Non era dolce tuo padre nella battaglia crudele:
anche per questo il popolo lo piange nella città,
hai dato ai genitori lamento e lutto tremendo,
Ettore: a me resterà un dolore struggente.
Morendo, non mi hai teso le braccia dal letto,
non mi hai detto una parola forte, che potessi sempre
ricordare, piangendo lacrime di giorno e di notte”.
Così disse piangendo, le donne gemevano.
Tra quelle Ecuba apriva il compianto accorato:
“Ettore, tra tutti i figli di gran lunga il più caro al mio cuore,
davvero, quando eri vivo, eri darò agli dei;
quelli si sono presi cura di te anche nel destino di morte.
Altri miei figli Achille veloce nel piede
ha venduto come schiavi, chiunque prendesse, oltre il mare irrequieto,
a Samo, ad Imbro e a Lemno fumigerante;
te, invece, quando ti tolse la vita con il bronzo affilato,
molte volte ha trascinato intorno alla tomba del compagno,
di Patroclo, che tu hai ucciso; non gli ha ridato la vita nemmeno così.
Ora, fresco come rugiada, nella casa
mi giaci, simile a quello che Apollo dall’arco d’argento
è venuto a colpire con una freccia indolore”.
Così diceva piangendo, suscitò un immenso lamento.
Fra quelle Elena per terza aprì il compianto:
“Ettore, fra tutti i cognati di gran lunga il più caro al mio cuore,
io sono la sposa di Alessandro simile ad un dio,
che mi condusse qui a Troia; dovevo morire prima.
Infatti, questo è per me il ventesimo anno
da quando sono venuta di là, abbandonando la mia patria;
mai da te ho sentito parola cattiva o scortese;
ma se qualcun altro in casa mi biasimava,
fra le cognate, i cognati, le loro mogli,
la suocera – mio suocero fu sempre affettuoso come un padre –
tu li trattenevi, cercando di calmarli,
con la tua gentilezza e con le tue parole delicate.
Perciò, straziata nel cuore, piango te e la mia sventura,
infatti nessun altro nella grande Troia mi è
dolce e caro, ma tutti mi odiano”.
Così disse piangendo, gemeva una grande folla.
Al popolo il vecchio Priamo si rivolse con parole:
“Troiani, ora portate la legna in città, non abbiate nel cuore
paura di un agguato insidioso degli Argivi: Achille, infatti,
mi rassicurava così, mandandomi via dalle navi nere,
che non avrebbe attaccato battaglia prima della dodicesima aurora”.
Così disse, quelli attaccarono ai carri buoi
e muli, poi subito si raccolsero presso le mura.
Per nove giorni careggiarono molto legno,
ma quando apparve la decima aurora luminosa,
portarono via Ettore valoroso, versando lacrime,
deposero il morto in cima alla pira, accesero il fuoco.
Quando al mattino apparve Aurora dalle dita di rosa,
la folla si strinse attorno alla pira di Ettore valoroso.
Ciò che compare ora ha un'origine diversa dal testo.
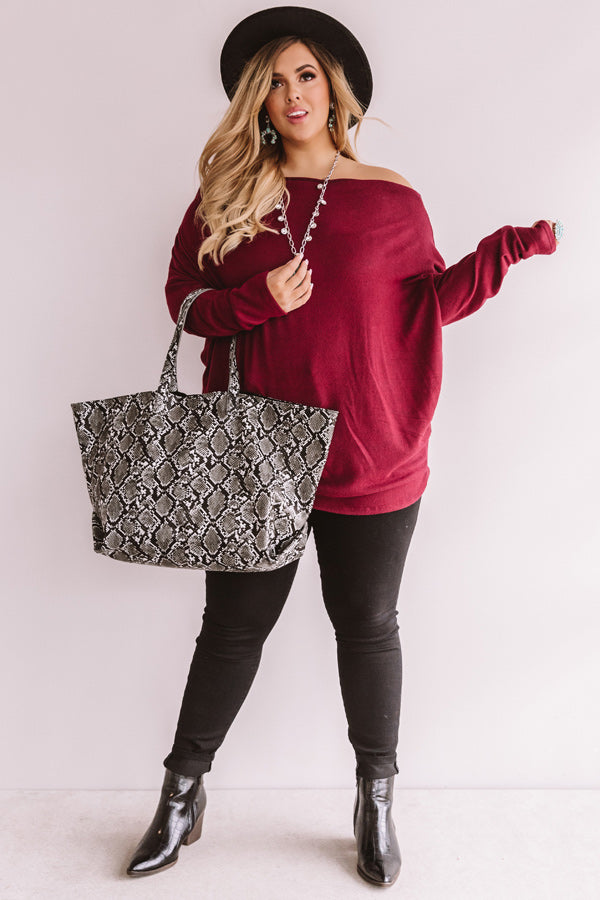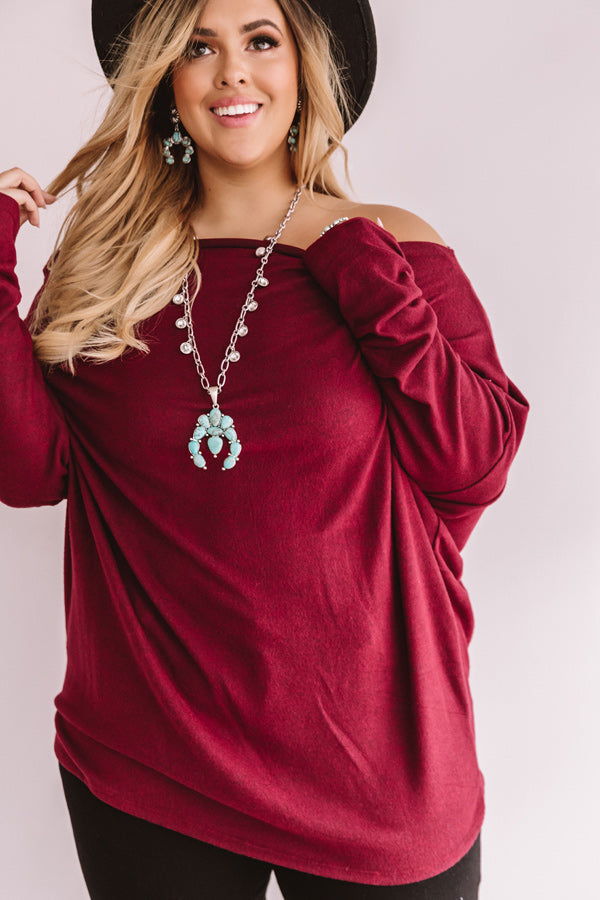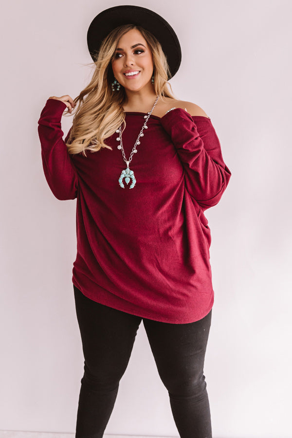 Plus Size - When getting ready for your "weekend WINE down," you won't find a more comfortable piece to relax in than this wine colored shift top featuring soft lightweight tight knit material with heathered detailing, a high straight neckline that can be worn off one shoulder, long semi-loose sleeves, and a relaxed silhouette that falls into a rounded hemline! You can effortlessly style this transitional piece a variety of ways, like with some ankle skinnies, a snake print tote, and black bootie and faux suede hat, but you can also wear it with some denim flares and "The Seraphina Faux Leather Wedge in Brown!" Measurements
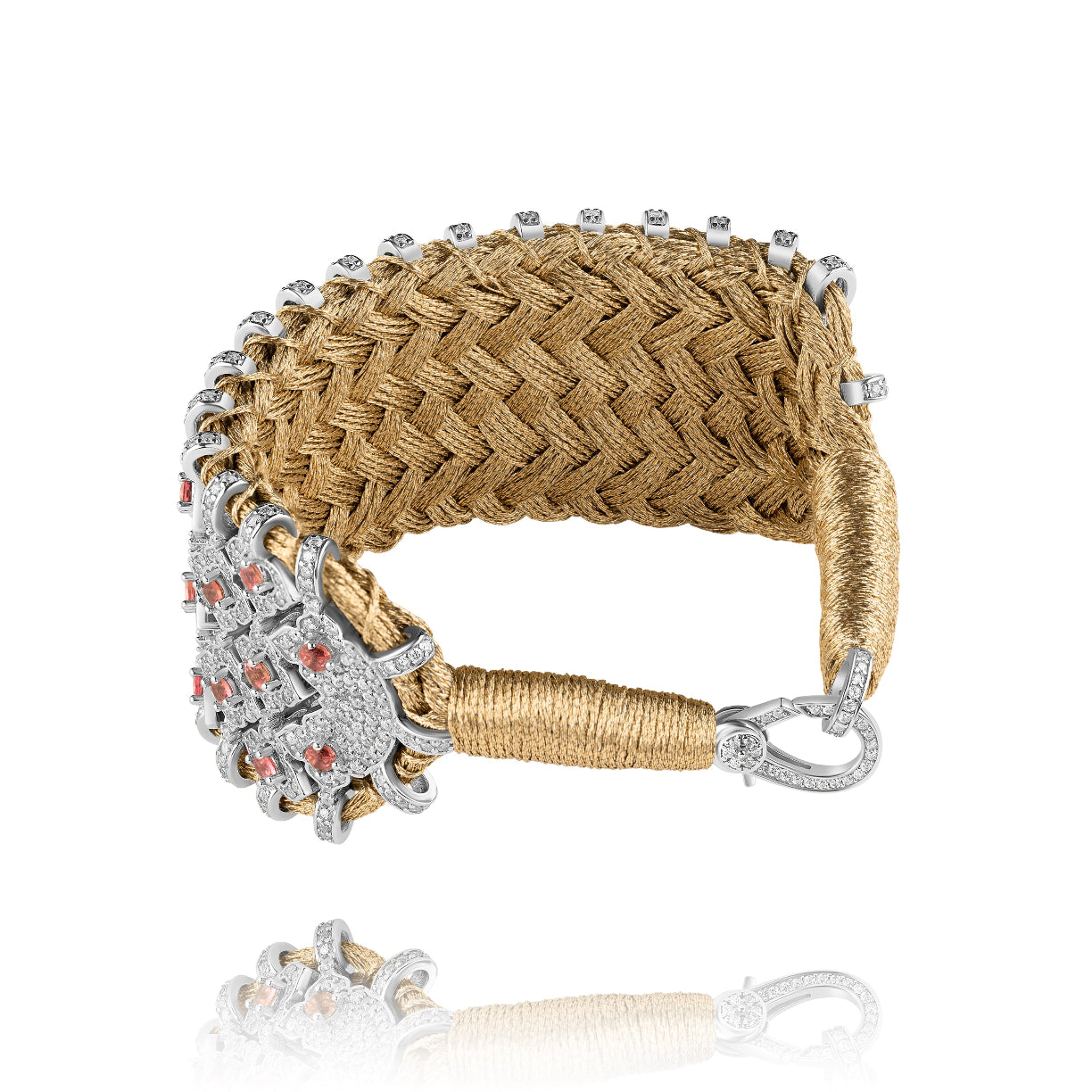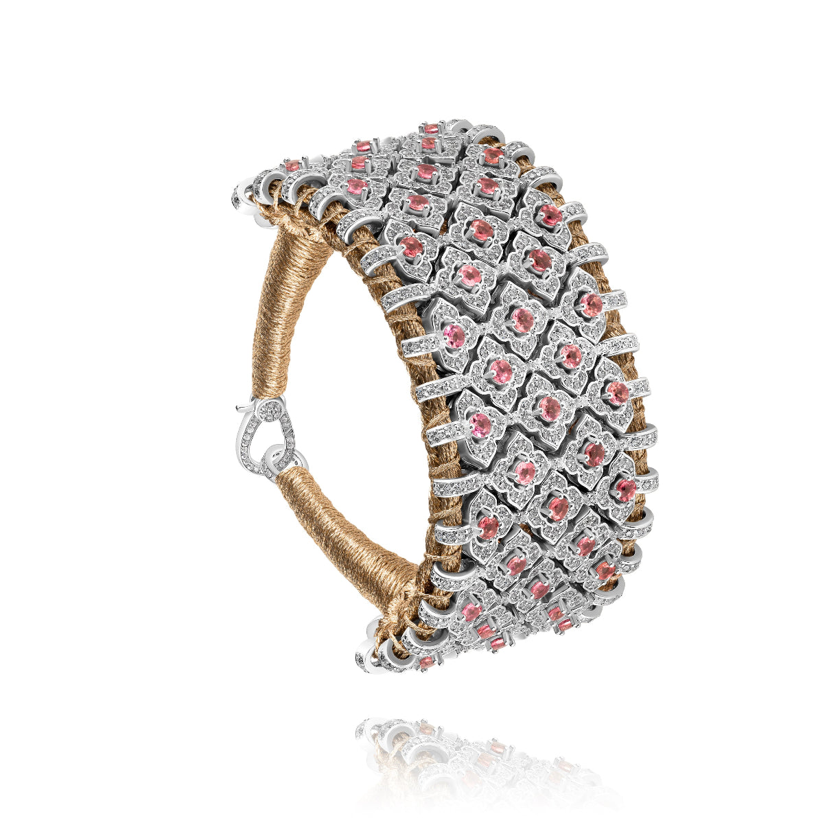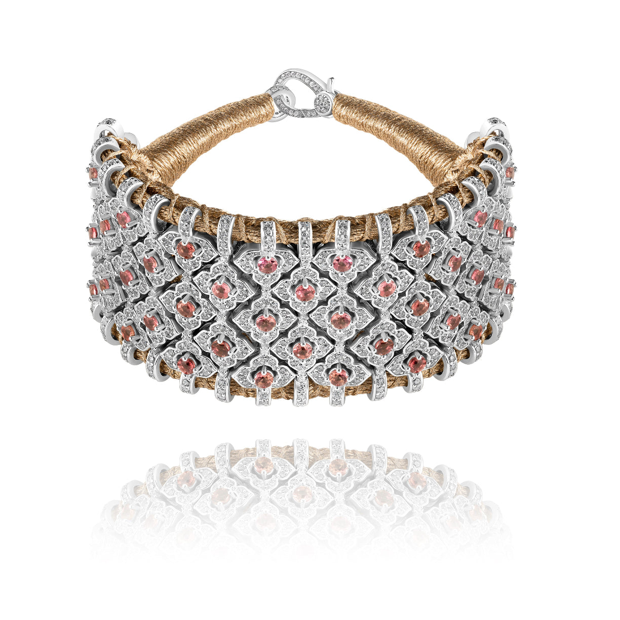 Large manchette en fil de lurex tressé de couleur brass décorée d'une structure en argent 925 entièrement pavée de diamants et de pierres tourmalines.
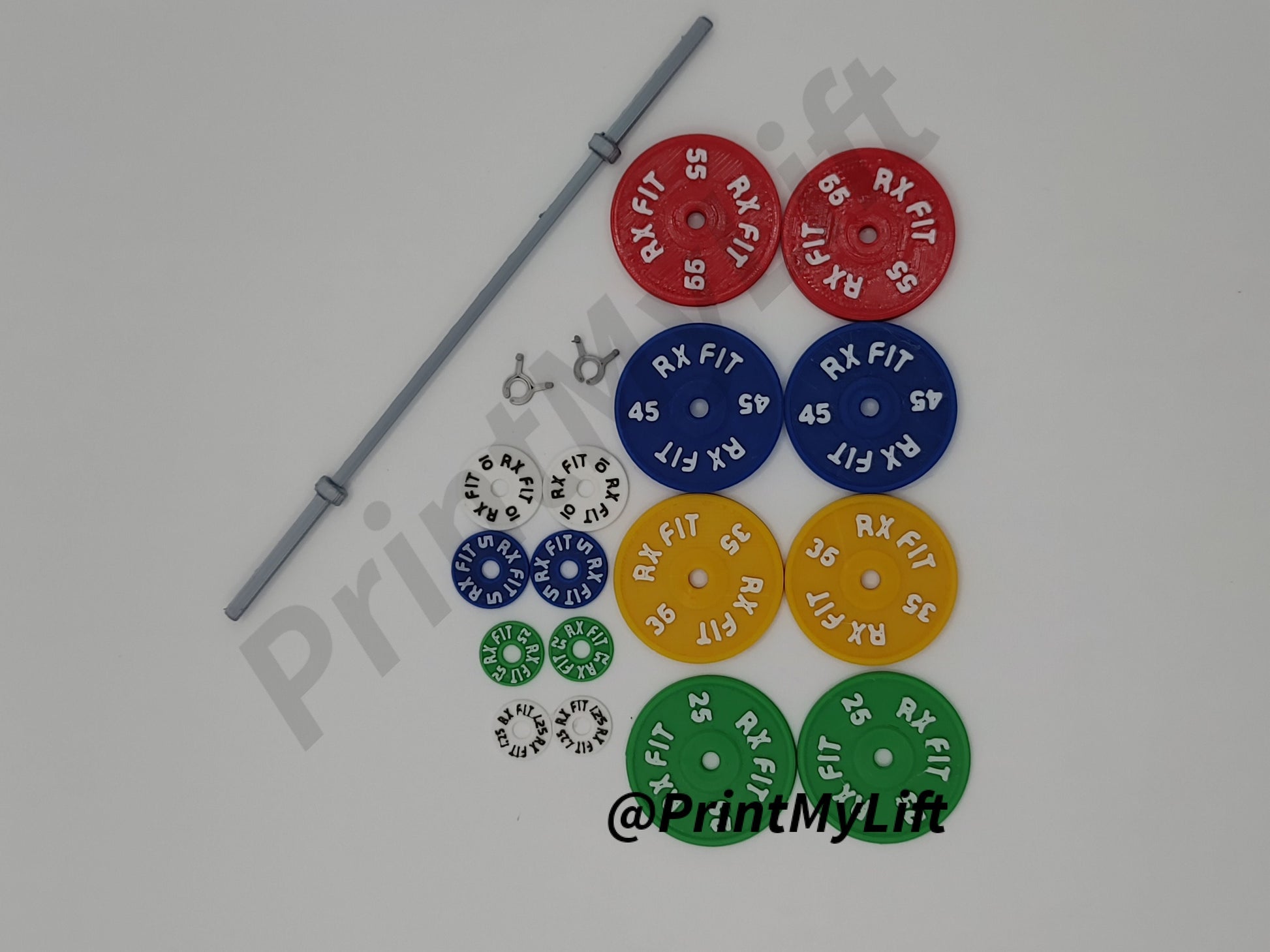 Includes a barbell (that represents a 45lb barbell), 2 functioning clips and the following plates:
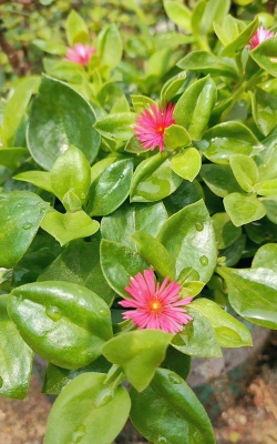 3、它是多年生常绿多汁的植物。枝条长度约20厘米,肉比较多,长得鲜绿。这些树枝是有棱角的,拉长了就是半趴着的样子。顶部开花,开花后分枝。花的颜色是深红,中间是淡黄的,形状跟菊花大体相似,小花瓣,有光泽,从春天到秋天开放。
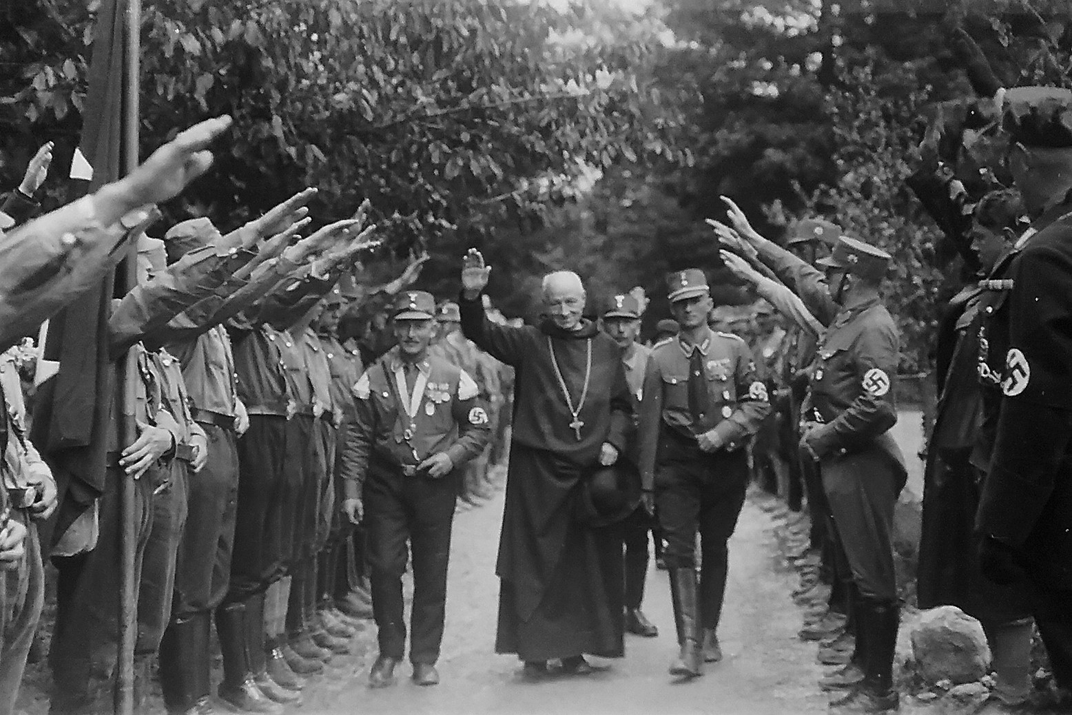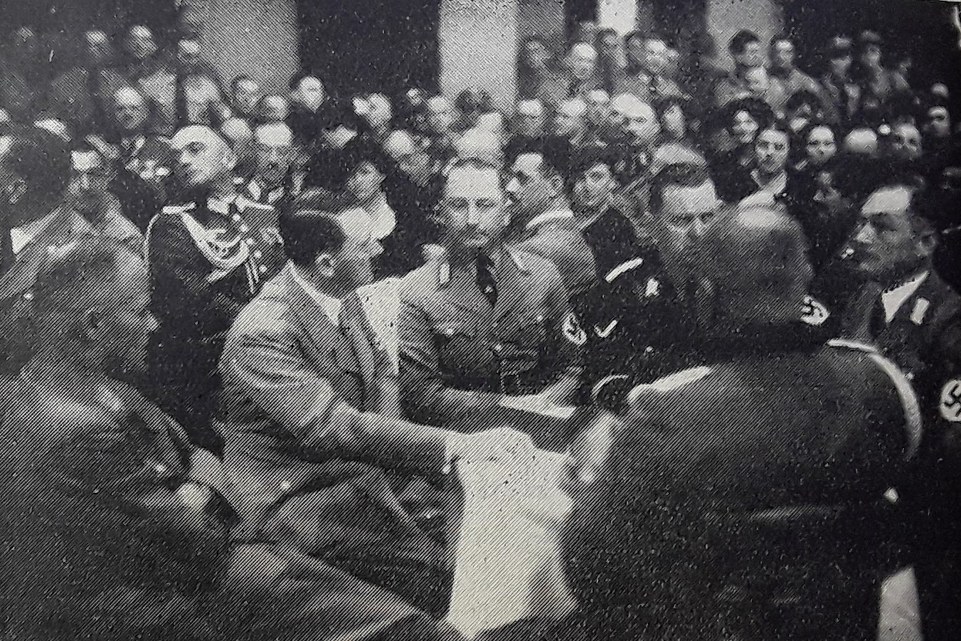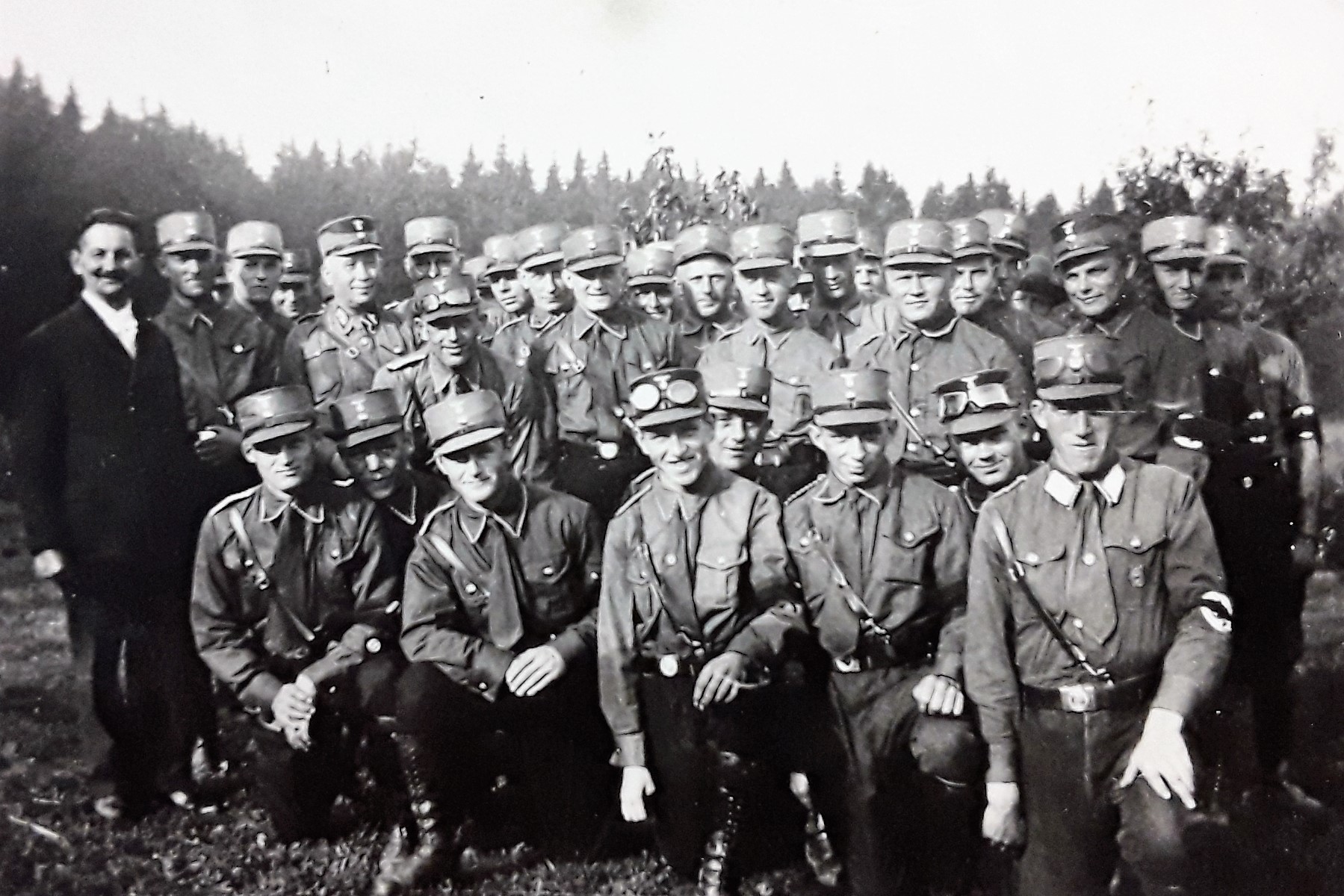 SA-Führerschulung bei Heinrich Dolle (l.) im westfälischen Heilgrund mit dem Augsburger Gauleiter Karl Wahl (erste Reihe stehend, 2.v.r.) - 1933 (Foto: Kreis- u. Stadtarchiv Paderborn: S - M4A, Nr. 10/2 - Nachlass Heinrich Dolle)

Quando si furono accalcati e si trovarono insieme riuniti,
per prima cosa spensero il rogo con vino scintillante,
dappertutto, dovunque giungeva la forza del fuoco;
poi i fratelli e i compagni raccoglievano le ossa bianche,
lamentandosi, scendeva giù per le guance pianto abbondante.
Avendole raccolte, le misero in una teca dorata,
avvolgendole in un morbido peplo purpureo;
poi le calarono in una fossa scavata, sopra
lastricarono con pietre grandi e fitte;
in fretta alzarono il tumulo, le vedette intorno badavano (impf. ημαι) a tutto,
a che gli Achei dalle solide gambiere non attaccassero prima del tempo.
Dopo aver innalzato il tumulo, si ritirarono; poi,
riunitisi bene, celebrarono il banchetto solenne
nella casa di Priamo, il re allevato da Zeus.
Così quelli davano sepoltura ad Ettore domatore di cavalli.